— Exercise description —
Every line in the data below from the one containing "お抹茶とお茶菓子を提供" down to the one containing "Cartel que anuncia", both included, must be retyped exactly; no other line is to appear.

— Listed records —
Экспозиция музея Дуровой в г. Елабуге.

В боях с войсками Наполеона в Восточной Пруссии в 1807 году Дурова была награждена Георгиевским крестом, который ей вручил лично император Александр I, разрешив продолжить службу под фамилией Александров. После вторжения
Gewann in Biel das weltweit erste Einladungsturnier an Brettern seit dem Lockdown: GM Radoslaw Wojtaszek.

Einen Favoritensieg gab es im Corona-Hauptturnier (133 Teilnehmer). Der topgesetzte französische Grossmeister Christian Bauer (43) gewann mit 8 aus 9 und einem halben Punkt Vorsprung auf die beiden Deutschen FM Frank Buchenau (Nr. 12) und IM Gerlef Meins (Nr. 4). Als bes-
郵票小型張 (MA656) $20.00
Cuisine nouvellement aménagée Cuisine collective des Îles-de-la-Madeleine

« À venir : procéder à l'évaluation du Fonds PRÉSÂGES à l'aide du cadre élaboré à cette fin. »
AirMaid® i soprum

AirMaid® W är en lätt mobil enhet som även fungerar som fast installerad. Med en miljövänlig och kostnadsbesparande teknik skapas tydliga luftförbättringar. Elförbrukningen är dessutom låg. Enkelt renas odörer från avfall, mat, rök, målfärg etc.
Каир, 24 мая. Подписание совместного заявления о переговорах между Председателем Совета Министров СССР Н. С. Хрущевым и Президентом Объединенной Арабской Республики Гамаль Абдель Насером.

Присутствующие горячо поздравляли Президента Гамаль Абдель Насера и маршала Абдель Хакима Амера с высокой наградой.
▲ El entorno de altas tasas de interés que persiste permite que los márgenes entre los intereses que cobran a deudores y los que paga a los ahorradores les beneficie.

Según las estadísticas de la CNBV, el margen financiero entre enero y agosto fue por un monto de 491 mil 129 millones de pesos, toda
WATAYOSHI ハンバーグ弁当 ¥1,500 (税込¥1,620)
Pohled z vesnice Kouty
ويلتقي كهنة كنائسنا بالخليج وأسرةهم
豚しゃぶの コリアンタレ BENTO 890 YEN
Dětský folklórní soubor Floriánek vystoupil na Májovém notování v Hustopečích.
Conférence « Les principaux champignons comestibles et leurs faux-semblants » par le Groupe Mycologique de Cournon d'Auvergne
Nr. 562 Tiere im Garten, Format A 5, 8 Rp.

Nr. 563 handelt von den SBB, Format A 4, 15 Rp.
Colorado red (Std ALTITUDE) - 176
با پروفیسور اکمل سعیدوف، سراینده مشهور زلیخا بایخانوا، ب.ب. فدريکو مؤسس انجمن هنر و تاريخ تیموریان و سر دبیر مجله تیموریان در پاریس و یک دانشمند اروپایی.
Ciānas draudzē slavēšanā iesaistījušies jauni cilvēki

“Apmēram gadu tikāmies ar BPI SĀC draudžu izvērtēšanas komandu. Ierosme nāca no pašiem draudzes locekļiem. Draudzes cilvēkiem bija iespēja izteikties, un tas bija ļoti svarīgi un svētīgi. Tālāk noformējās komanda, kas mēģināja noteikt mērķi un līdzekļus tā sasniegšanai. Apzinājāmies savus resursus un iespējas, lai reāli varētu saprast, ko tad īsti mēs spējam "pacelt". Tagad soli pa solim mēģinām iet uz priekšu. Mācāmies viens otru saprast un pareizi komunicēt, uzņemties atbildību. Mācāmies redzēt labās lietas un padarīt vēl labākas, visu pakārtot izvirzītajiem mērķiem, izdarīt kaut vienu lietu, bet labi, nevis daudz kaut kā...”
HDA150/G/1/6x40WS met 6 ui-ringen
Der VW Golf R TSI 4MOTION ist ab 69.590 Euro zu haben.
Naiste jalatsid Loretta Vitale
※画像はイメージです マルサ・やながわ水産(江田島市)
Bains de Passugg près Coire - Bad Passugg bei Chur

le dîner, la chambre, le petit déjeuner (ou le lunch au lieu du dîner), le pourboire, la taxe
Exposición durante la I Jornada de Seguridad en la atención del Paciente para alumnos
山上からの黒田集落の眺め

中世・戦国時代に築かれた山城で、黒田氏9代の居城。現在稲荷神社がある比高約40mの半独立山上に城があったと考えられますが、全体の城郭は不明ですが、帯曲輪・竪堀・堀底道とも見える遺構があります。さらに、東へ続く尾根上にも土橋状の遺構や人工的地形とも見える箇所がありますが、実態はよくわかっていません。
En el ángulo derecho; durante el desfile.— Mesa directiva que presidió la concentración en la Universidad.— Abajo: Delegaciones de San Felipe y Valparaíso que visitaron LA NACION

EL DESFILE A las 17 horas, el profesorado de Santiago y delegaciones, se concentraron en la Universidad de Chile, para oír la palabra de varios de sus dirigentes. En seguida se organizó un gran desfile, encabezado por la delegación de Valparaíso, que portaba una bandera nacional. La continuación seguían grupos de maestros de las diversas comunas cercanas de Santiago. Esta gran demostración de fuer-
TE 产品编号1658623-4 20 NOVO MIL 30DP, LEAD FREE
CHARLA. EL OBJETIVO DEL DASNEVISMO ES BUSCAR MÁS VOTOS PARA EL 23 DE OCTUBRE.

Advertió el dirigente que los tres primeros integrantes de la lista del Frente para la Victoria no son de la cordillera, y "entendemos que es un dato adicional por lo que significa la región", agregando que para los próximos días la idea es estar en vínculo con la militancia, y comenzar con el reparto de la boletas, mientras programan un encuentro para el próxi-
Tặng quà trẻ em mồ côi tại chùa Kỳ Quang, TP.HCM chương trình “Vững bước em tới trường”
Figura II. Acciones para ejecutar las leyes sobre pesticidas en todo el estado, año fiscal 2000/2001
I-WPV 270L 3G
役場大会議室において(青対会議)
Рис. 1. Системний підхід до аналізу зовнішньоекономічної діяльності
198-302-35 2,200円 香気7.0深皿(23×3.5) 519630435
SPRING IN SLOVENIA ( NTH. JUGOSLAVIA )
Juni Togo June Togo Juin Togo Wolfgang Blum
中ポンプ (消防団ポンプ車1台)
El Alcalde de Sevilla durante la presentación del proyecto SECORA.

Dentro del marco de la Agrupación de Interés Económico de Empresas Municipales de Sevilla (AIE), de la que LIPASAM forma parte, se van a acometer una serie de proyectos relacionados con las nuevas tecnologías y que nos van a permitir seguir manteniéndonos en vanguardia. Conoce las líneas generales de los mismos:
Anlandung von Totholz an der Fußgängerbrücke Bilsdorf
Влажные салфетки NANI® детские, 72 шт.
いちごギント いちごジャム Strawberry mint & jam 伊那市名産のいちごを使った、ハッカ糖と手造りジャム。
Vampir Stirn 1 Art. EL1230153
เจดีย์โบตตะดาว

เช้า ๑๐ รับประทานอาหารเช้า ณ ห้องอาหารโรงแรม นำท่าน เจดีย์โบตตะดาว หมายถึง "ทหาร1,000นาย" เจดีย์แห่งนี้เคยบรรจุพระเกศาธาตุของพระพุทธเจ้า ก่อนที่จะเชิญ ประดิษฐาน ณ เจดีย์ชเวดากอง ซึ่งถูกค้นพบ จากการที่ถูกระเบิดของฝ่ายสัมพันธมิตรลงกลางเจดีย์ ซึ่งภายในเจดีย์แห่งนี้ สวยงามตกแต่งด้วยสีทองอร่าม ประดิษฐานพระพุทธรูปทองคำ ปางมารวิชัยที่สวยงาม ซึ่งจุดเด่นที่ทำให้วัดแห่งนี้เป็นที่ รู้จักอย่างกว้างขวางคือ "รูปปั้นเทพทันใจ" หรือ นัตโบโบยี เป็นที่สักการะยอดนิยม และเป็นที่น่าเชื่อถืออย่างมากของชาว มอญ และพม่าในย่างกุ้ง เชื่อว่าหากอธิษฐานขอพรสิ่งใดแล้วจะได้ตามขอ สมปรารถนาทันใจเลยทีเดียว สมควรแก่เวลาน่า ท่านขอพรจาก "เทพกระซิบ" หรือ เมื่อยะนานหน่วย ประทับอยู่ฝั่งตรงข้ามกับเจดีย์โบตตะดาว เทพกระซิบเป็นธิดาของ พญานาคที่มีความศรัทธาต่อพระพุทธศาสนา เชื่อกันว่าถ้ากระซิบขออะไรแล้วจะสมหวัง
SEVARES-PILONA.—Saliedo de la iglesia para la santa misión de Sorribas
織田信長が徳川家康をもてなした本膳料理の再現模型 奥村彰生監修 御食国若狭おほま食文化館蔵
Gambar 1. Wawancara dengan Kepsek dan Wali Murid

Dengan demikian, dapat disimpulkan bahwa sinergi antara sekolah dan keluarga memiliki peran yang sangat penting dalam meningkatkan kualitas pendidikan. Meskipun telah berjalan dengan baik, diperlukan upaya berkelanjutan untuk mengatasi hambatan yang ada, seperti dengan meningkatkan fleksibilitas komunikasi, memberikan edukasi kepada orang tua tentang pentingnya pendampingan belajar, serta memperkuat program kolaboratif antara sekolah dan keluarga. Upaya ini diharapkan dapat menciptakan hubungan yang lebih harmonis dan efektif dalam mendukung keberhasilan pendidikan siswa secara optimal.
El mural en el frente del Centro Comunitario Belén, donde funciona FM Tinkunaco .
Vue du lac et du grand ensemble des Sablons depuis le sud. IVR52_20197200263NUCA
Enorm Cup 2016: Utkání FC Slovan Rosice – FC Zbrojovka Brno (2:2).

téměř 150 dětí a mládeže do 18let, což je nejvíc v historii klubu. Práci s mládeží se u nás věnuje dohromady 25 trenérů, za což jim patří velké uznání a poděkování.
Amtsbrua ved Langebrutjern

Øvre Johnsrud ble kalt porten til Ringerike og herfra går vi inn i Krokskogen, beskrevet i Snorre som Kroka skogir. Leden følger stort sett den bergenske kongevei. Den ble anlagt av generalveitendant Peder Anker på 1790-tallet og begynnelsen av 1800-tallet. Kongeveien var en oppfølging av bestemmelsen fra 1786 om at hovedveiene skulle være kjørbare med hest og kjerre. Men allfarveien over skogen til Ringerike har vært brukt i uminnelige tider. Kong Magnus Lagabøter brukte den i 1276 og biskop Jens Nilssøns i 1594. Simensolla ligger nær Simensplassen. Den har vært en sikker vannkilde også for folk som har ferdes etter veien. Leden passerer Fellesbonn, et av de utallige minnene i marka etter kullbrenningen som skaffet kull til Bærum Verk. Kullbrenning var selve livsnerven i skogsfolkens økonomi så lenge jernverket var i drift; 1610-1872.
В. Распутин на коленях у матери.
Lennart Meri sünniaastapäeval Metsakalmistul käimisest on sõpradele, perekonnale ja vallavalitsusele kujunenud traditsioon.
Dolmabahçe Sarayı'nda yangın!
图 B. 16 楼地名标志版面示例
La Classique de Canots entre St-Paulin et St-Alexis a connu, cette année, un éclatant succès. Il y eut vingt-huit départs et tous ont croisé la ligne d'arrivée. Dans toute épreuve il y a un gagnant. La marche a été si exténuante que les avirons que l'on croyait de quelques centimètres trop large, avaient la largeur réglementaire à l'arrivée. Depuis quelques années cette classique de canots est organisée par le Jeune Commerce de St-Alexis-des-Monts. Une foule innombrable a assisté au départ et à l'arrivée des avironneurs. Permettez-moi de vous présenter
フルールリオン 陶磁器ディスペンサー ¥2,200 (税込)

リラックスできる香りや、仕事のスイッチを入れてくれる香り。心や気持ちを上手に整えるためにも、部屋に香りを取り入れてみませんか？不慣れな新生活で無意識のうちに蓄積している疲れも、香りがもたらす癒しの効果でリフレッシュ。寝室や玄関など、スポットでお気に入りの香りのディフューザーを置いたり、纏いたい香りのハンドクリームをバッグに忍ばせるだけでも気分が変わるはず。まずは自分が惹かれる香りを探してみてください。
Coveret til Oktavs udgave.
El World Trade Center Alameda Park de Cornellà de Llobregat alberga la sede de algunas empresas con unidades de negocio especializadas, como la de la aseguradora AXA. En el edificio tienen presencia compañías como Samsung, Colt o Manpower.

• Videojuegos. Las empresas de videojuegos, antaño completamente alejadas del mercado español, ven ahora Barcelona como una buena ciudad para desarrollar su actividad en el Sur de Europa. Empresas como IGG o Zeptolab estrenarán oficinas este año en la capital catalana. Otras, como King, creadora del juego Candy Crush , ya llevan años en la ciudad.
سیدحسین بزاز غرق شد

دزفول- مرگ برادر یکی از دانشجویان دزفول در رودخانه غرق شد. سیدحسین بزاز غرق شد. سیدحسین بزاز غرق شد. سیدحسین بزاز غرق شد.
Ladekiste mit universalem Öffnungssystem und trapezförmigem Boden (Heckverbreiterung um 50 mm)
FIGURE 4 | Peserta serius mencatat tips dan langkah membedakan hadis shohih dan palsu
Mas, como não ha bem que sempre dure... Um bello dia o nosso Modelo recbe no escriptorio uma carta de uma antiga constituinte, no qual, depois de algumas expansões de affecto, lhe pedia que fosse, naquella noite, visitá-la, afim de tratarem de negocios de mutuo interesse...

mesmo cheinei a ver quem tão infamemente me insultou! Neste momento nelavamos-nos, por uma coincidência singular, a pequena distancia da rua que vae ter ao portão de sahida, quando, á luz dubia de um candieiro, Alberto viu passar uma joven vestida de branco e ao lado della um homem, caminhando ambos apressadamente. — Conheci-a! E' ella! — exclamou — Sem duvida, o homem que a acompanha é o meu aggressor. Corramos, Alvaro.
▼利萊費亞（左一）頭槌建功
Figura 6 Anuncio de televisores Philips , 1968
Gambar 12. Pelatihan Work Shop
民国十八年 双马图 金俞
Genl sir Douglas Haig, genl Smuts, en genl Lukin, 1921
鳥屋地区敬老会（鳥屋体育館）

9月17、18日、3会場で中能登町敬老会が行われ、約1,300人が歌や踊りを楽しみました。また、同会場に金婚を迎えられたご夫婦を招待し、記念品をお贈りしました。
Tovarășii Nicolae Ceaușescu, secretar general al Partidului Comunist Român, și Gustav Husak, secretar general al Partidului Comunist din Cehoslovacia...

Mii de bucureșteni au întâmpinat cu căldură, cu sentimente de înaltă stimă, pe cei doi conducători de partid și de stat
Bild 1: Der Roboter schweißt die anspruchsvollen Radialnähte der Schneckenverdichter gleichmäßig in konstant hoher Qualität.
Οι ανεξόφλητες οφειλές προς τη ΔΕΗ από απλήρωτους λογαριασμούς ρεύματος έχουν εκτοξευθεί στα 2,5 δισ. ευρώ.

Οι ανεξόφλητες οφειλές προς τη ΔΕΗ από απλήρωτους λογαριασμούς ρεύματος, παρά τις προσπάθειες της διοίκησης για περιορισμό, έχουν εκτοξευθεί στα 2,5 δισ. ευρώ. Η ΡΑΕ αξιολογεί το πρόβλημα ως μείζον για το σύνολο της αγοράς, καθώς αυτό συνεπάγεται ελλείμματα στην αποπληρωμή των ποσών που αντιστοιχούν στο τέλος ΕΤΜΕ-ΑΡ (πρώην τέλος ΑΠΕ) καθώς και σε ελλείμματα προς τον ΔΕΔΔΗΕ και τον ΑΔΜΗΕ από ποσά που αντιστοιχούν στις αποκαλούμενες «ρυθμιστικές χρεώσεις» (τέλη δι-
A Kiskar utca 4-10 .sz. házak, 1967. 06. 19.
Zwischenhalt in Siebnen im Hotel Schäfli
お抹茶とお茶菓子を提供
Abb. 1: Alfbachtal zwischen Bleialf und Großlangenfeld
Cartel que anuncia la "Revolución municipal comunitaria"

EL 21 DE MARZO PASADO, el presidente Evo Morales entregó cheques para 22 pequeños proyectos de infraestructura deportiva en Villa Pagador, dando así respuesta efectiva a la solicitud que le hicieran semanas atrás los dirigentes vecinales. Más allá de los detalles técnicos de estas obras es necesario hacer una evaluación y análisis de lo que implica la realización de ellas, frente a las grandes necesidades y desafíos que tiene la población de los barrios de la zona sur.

— Solution —
お抹茶とお茶菓子を提供
Abb. 1: Alfbachtal zwischen Bleialf und Großlangenfeld
Cartel que anuncia la "Revolución municipal comunitaria"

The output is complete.